採用PRへの活用法:求人票・SNSでの育休実績の打ち出し方
助成金を受給した実績は、そのまま採用PRのコンテンツになります。「育休取得者が出ました」という事実を、求人票やSNSで積極的に発信することで、特に子育て世代の候補者に対して強力なメッセージになります。
- 求人票への記載:「育休取得実績あり(○年○月、男性社員も取得)」「育休復帰率100%」など具体的な数字を入れる
- SNS活用:育休から復帰した社員のインタビューをInstagram・Facebookに投稿し、リアルな声を届ける
- 採用サイトへの掲載:「働く環境」のページに両立支援の取り組みを特集ページとして設ける
- 求人媒体のアピールポイント欄:「育休・産休取得実績あり」「子育て支援認定企業」などのアイコンや文言を活用する
宮古島・石垣島では人材の母数が少ないため、「この会社なら安心して産休・育休が取れる」という評判はUターン・Iターン希望者にとっても大きな決め手になります。詳しい採用PR戦略については採用PRの基本戦略ガイドもあわせてご覧ください。
沖縄県独自の支援制度
国の助成金に加えて、沖縄県では独自の両立支援施策が設けられています。主なものを紹介します。
- 沖縄県働き方改革推進支援センター:就業規則の整備・助成金申請のサポートを無料で受けられます。専門家(社労士等)が巡回相談にも対応しており、離島事業者でもオンライン相談が可能です。
- 女性活躍推進企業認定(えるぼし・くるみん):認定取得により求人媒体でのアピール度が高まります。沖縄労働局では申請サポートを実施しています。
- 沖縄県子ども・子育て支援交付金:市町村を通じた保育環境整備支援で、従業員が利用しやすい保育所の確保につながります。
よくある質問(FAQ)
Q1. 育休後に従業員が退職した場合、助成金は返還が必要ですか?
コースによって異なりますが、育休復帰後に一定期間(多くは6か月)継続雇用することが受給要件になっています。要件を満たす前に退職となった場合、支給が取り消されるか返還を求められる場合があります。ただし「本人の都合による自己都合退職」については一定の救済措置が設けられているケースもあるため、管轄のハローワークに事前確認することをおすすめします。
Q2. パートタイム・アルバイトも対象になりますか?
雇用保険に加入しているパートタイム従業員であれば、育児休業給付金・助成金ともに対象となります。週20時間以上・31日以上の雇用見込みがあれば雇用保険への加入義務が発生します。非正規雇用の方が取得しやすい環境を整えることは、採用力強化にも直結します。
Q3. 社員が3人以下の小規模事業者でも申請できますか?
できます。むしろ中小企業・小規模事業者向けの加算額や優遇措置が充実しています。「従業員数が少ないから関係ない」と思われがちですが、1人目の育休取得でも要件を満たせば支給対象になります。まず沖縄労働局またはハローワーク宮古島・石垣島へ相談することをおすすめします。
よくある質問
Q. 従業員が育休を取得した場合、事業者が受けられる助成金はありますか?
両立支援等助成金(出生時両立支援コース・育児休業等支援コース)が活用できます。男性社員の育休取得促進・育休復帰支援計画の策定等の取り組みにより、最大50〜100万円の助成が受けられます。社会保険労務士への相談で申請漏れを防ぐことができます。
Q. 育休・産休中のスタッフを採用PRに活用できますか?
できます。「育休取得実績あり」「産休・育休からの復帰率100%」を求人票・採用ページに明記することで、ライフイベントを重視する求職者(特に女性)への訴求力が大幅に上がります。スタッフの体験談(SNS・ブログ等)は最も信頼される採用PRコンテンツです。

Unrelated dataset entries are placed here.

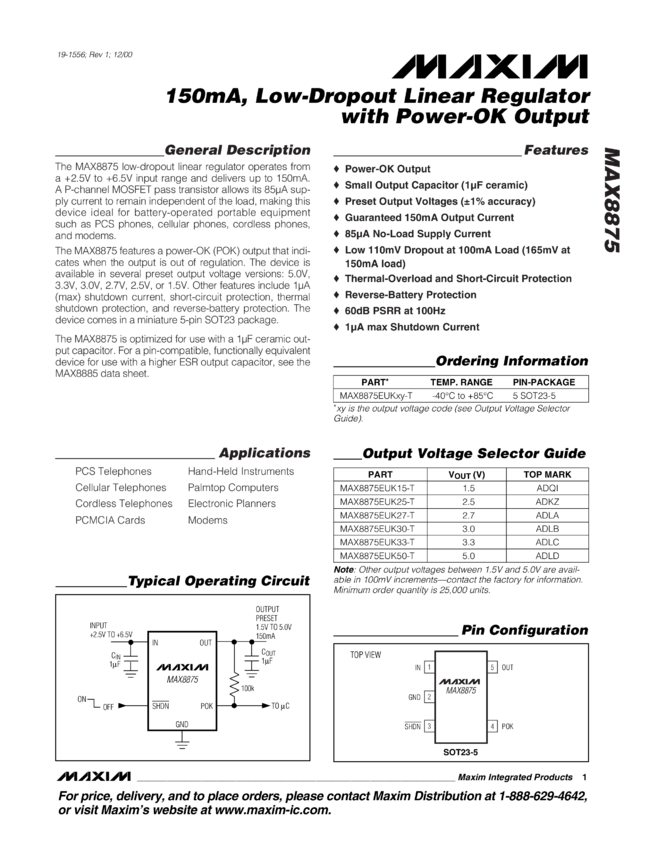 MAX8875 150mA, Low-Dropout Linear Regulator with Power OK Output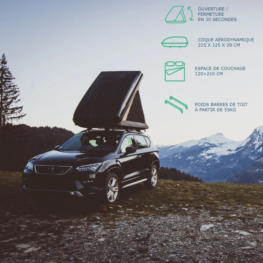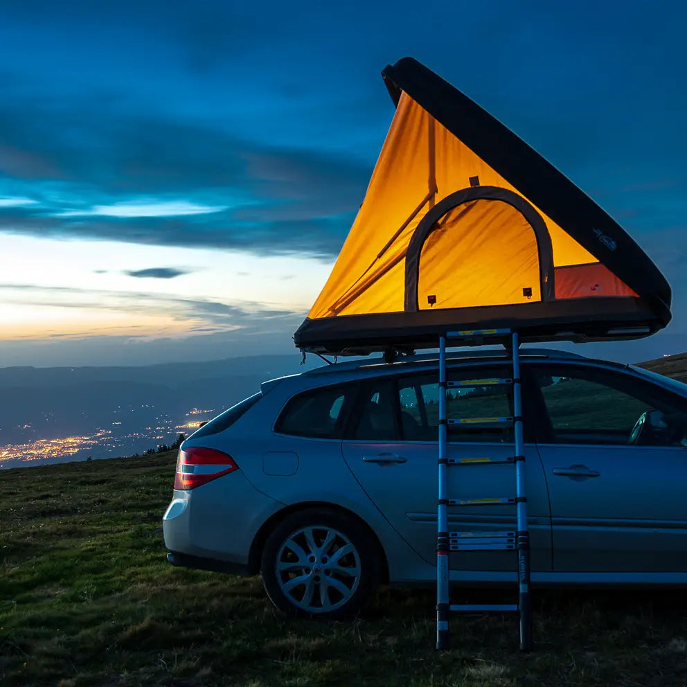Con la sua apertura facile, la tenda da tetto si installa semplicemente in 30 secondi e ti permette di goderti immediatamente la tua tenda da tetto, ovunque tu sia. Per aprirla, basta sganciare i 2 ganci, il guscio si alza da solo. Poi non resta che aprire la scala e il gioco è fatto!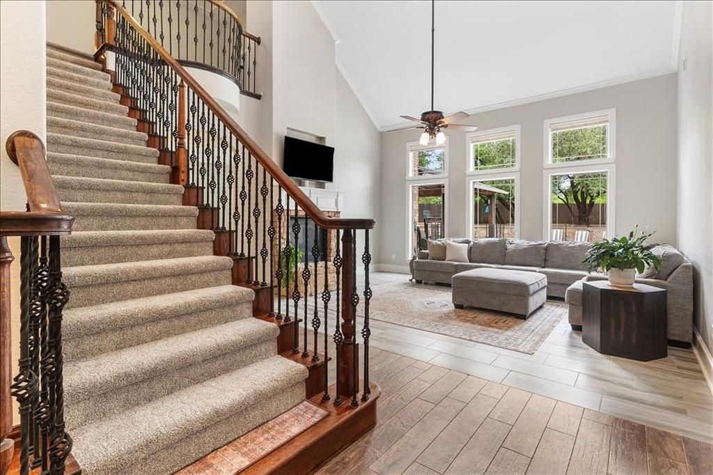 Welcome to your private retreat in Mansfield, Texas. Situated on a spacious .44 acre lot in a quiet cul de sac, this beautifully updated 4 bedroom, 2.5 bath home offers 3,377 square feet of comfort, flexibility, and outdoor living at its finest. The primary suite is conveniently located downstairs, while upstairs features generously sized secondary bedrooms and a versatile bonus room that can serve as a media room, game room, or inlaw suite with plumbing in place so a future bathroom can be added. Step outside and fall in love with the completely remodeled backyard oasis. The sparkling pool has been upgraded with new coping, tile, pebble tech plaster, waterfall feature, and pool fence. Enjoy extended concrete decking, a pergola, a pizza oven, and a gas line already installed for grilling, or a future outdoor fireplace. There is even reinforced concrete ready for the outdoor fireplace expansion. RV parking with a double wide gate and expanded driveway adds rare functionality. Major system upgrades provide peace of mind, including a new roof in 2023, new upstairs HVAC in 2023, new downstairs HVAC in 2024, upgraded ductwork and return airs, new gutters, and an upgraded gas meter. Inside, the home features fresh interior paint, new carpet, new windows throughout most of the home, a new kitchen island, updated half bath vanity, and a new refrigerator. Additional improvements include new pool equipment in 2025, and newly planted trees enhancing both curb appeal and backyard privacy. This home blends space, updates, and outdoor lifestyle in one incredible package. If you have been looking for room to spread out with a resort style backyard, this one checks all the boxes.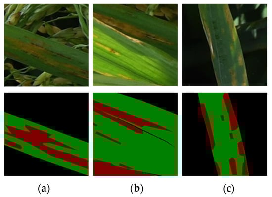 Image types and their corresponding labels, (a), (b) and (c), give three examples of the samples used for training and validation (red, green, and black stand for BLS lesion, leaves, background, respectively).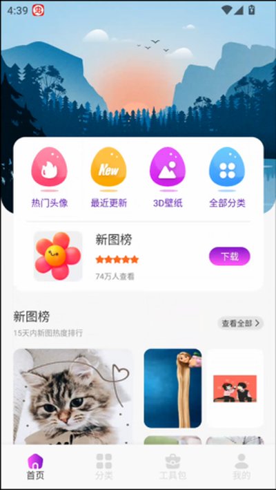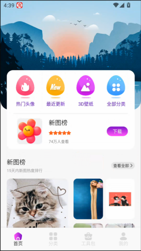 1、一进入应用的主界面,各种精彩内容就扑面而来。你可以直接在这里逛逛时下最火的头像,看看最近上新了哪些美图,或者探索一下酷炫的3D壁纸和所有图片的详细分类,寻宝之旅就从这里开始。

Q. 育休取得者の業務をカバーする人材確保はどうすればいいですか?
①育休代替要員の採用(有期雇用契約)②業務の棚卸しと他スタッフへの分散③派遣スタッフの活用が主な選択肢です。育休代替要員を採用した場合は「産前産後休業・育児休業等代替要員確保コース」の助成金が活用できる可能性があります。